New show highlights state’s connection to the American ceramic art scene

By Justin Franz
A piece by David Regan is on display at Beyond Craft: The Art of Ceramics a show that runs through April 7 at the Hockaday Museum of Art. Justin Franz | Flathead Beacon

If you were to ask someone where the epicenter of the American ceramic fine art scene is, you would get a lot of answers, and very few of them would include an old brickyard on the outskirts of Helena. In a state with celebrated painters and photographers, few know the story of how Montana has shaped contemporary ceramics over the last 60 years.

But that’s starting to change, thanks in part to a new show at Kalispell’s Hockaday Museum of Art titled “Beyond Craft: The Art of Ceramics.” The show opened on Feb. 15 and runs through April 7. It features the work of 25 Montana artists curated by the Hockaday’s Celinda English.

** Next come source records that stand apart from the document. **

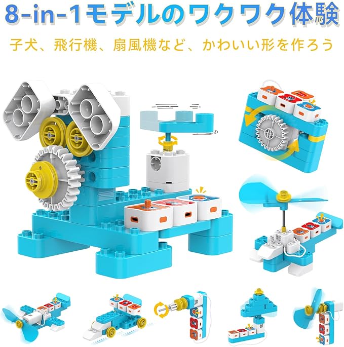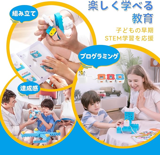 【遊びながら学べるSTEM教育玩具】組み立て・ストーリー・プログラミングがひとつになったSTEM玩具で、遊びの中で科学・技術・工学・数学の基礎を楽しく学べます。問題解決力、論理的思考力、創造力を育むのにぴったりの知育トイです。
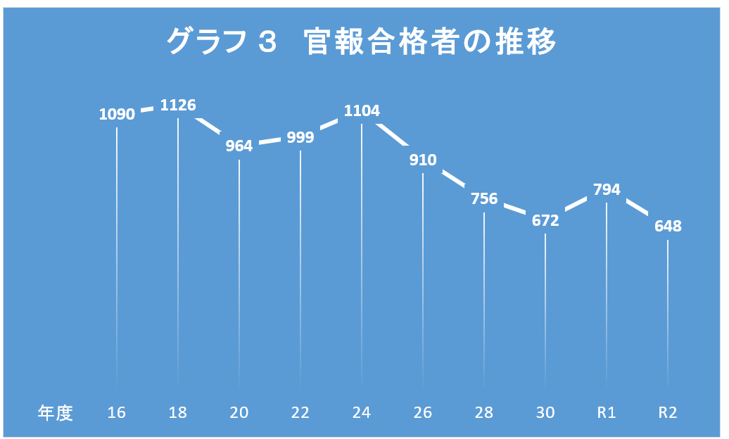 今回、5科目合格の官報合格者は648人で、昨年度の749人から101名減った。とはいうものの、その前の平成30年度は672人だったことから、今回試験で合格者が激減していたわけではない。ただ、官報合格者は、受験者数の減少と比例して減少を続けており、平成16年度の1090人からすると、今回は半分近くまで減ったことになる。
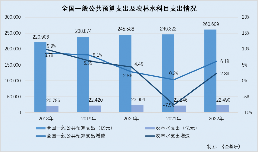 其中,農(nóng)林水科目支出分別為20,786億元、22,420億元、23,904億元、22,146億元、22,490億元,同比增速分別為9.9%、6.3%、4.4%、-7.5%、2.3%。
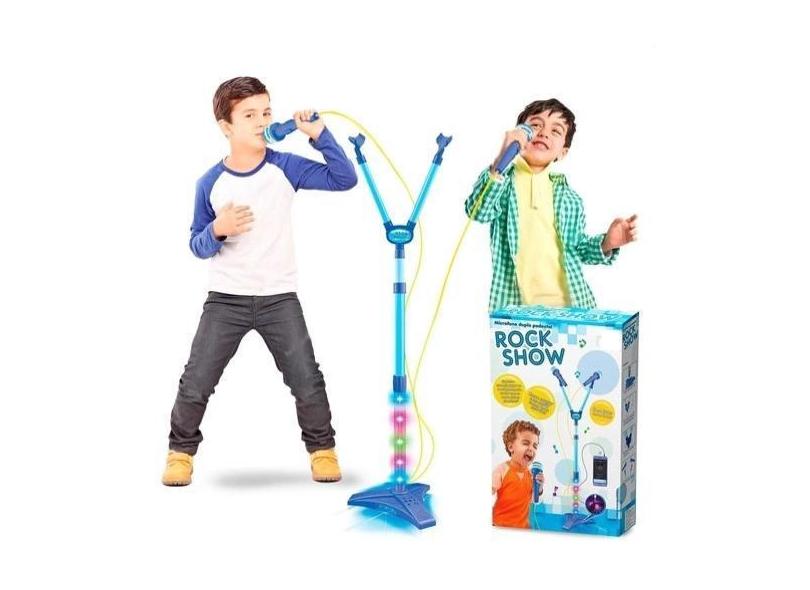 Karaoke infantil amplificador musical microfone duplo pedestal rock st
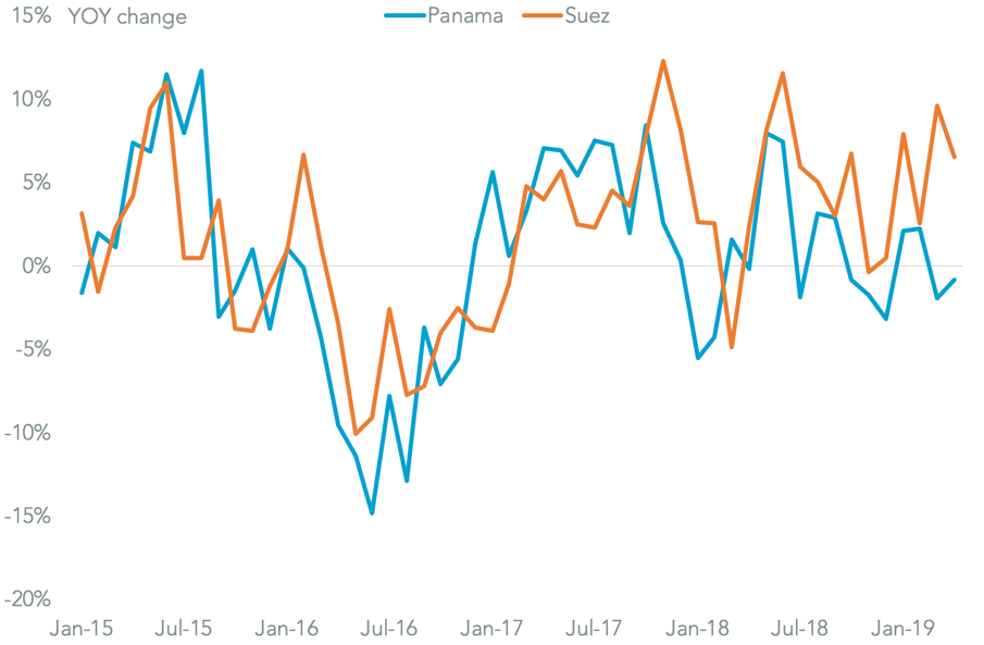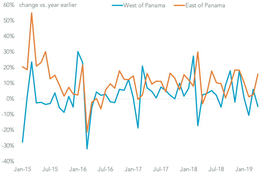 Both Canals will face a challenge from the worsening U.S.-China trade war, discussed in Panjiva’s research of May 16. Competition for traffic to the U.S. east coast will be particularly fierce. Growth in volumes from eight Asian countries to the U.S. east coast have outperformed those to the west coast in five of the past six months, Panjiva data shows, with a 15.9% surge in April compared to a 4.9% slide in shipments to the west coast.
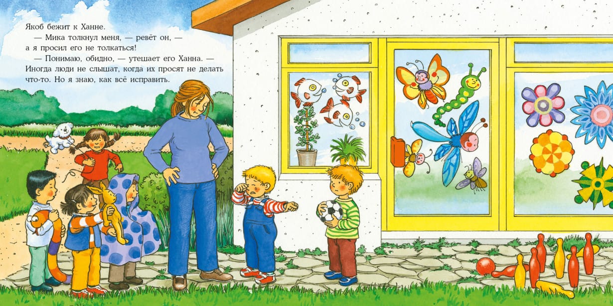 Якоб не любит, когда его толкают - даже в шутку. Но он не знает, как сказать, чтобы его точно услышали! Воспитательница Ханна учит его одному интересному приёму. Теперь даже мама точно будет слушать Якоба!
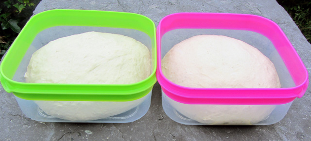 The dough on the right was stretched and folded three times every hour for the first three hours of a four hour fermentation. After four hours:
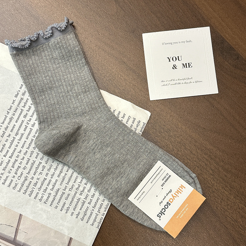 [재고] 25 이른 봄 새 kikiya 단색 나무 귀 양말 여성면 양말 한국 수입 도매
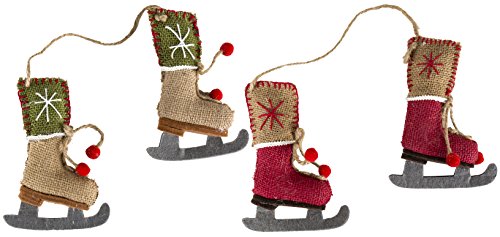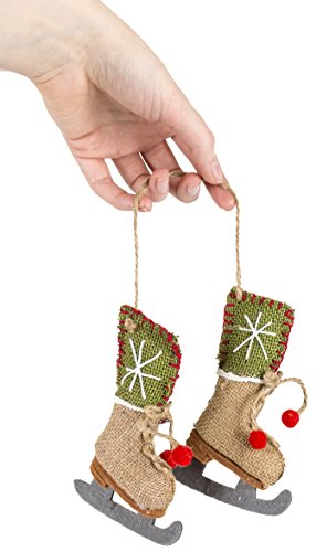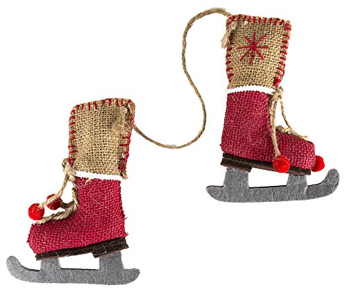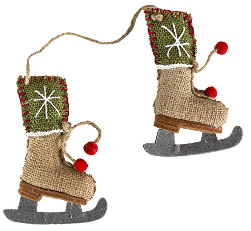 Darice Christmas Set of 2 Ornaments Burlap Skate Shoes 5.5 in

“We have an incredible amount of talented ceramic artists in Montana,” she said. “Curating this show was like sticking my hand into a bag of diamonds and picking out 25 amazing pieces.”

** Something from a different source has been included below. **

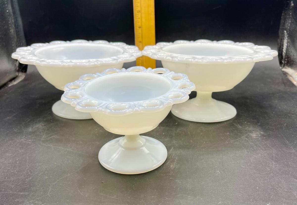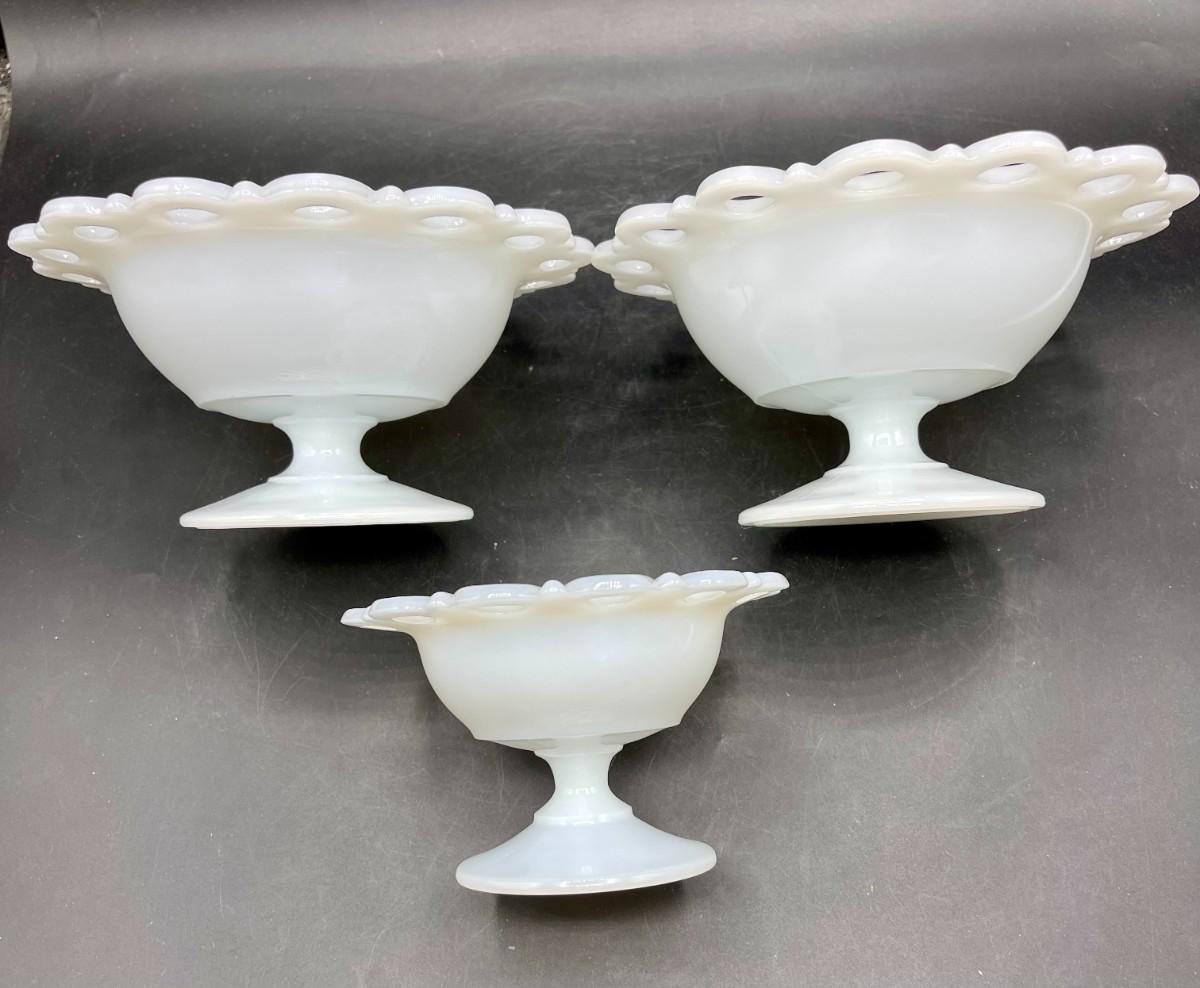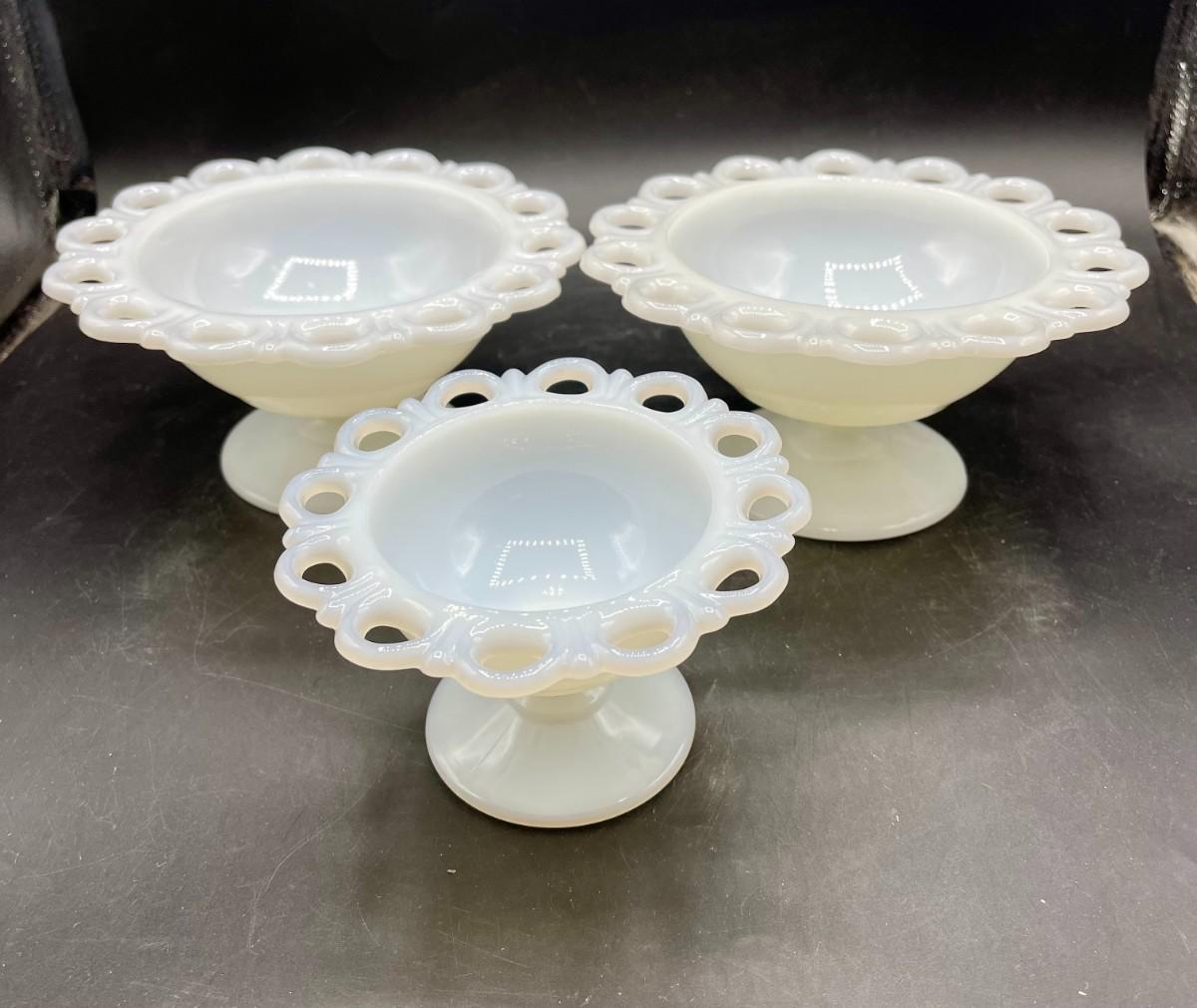 3 Vintage Milk Glass Lace Edge Footed Pedestal Compotes

Montana’s rich ceramics tradition goes back to the 1950s and Archie Bray’s Western Clay Manufacturing Company. Bray was a bricklayer and avid fan of the arts, and he felt that ceramics could be more than just people making useful vases and bowls. He believed that, given the right environment, ceramics could become a fine art, so he opened an art center at the brickyard in 1951 as a place for anyone interested in pushing ceramics to the next level.

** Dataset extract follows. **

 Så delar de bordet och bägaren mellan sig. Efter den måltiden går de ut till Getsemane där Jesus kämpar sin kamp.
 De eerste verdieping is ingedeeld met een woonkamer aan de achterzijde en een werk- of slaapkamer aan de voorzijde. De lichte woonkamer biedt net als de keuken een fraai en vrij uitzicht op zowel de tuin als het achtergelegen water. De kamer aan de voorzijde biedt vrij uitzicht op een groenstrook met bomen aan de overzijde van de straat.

Montana artists Rudy Autio and Peter Voulkos were the art center’s first resident managers in the 1950s, and their work attracted national attention. A 1952 workshop at the center put Montana on the map, and the ceramics scene has been growing ever since. Eventually, the brickyard closed, but the Archie Bray Foundation for the Ceramic Arts has carried on its founder’s mission for decades.

Since its inception, “The Bray” has attracted hundreds of artists from around the world, including Flathead Valley’s David Regan. Regan was born in Buffalo, New York and became interested in ceramics as a child.

“I found ceramics both mesmerizing and endlessly challenging,” he said.

Regan attended the Nova Scotia College of Art and Design and later graduated with a bachelor of fine arts from the Rochester Institute of Technology in 1986. He did a residency with the Archie Bray Foundation from 1986 to 1988. Today, he’s a professor of ceramics at Flathead Valley Community College.

Regan’s piece in the Hockaday show is called “Water Rights” and was inspired by the smoky fall of 2017. It features two hands and a drawing of a water system along the arms. The sculpture is a perfect example of Regan’s work: a combination of three-dimensional ceramics and two-dimensional drawings, or “2.5D” has Regan likes to call it.

Other artists in the show include Candice Haster, Ken Kohoutek, Trey Hill and John Rawlings. English said she hopes the show educates visitors about the state’s incredible ceramics community.

“We see a lot of landscape art, but it’s our mission to also educate people on art that they’re not used to seeing,” she said.

Regan said he hopes the show will bring more attention to Montana’s role in the art of ceramics.

“A lot of people don’t realize how strong the ceramics scene is here,” Regan said. “Montana is a mecca of sorts of contemporary ceramic artists.”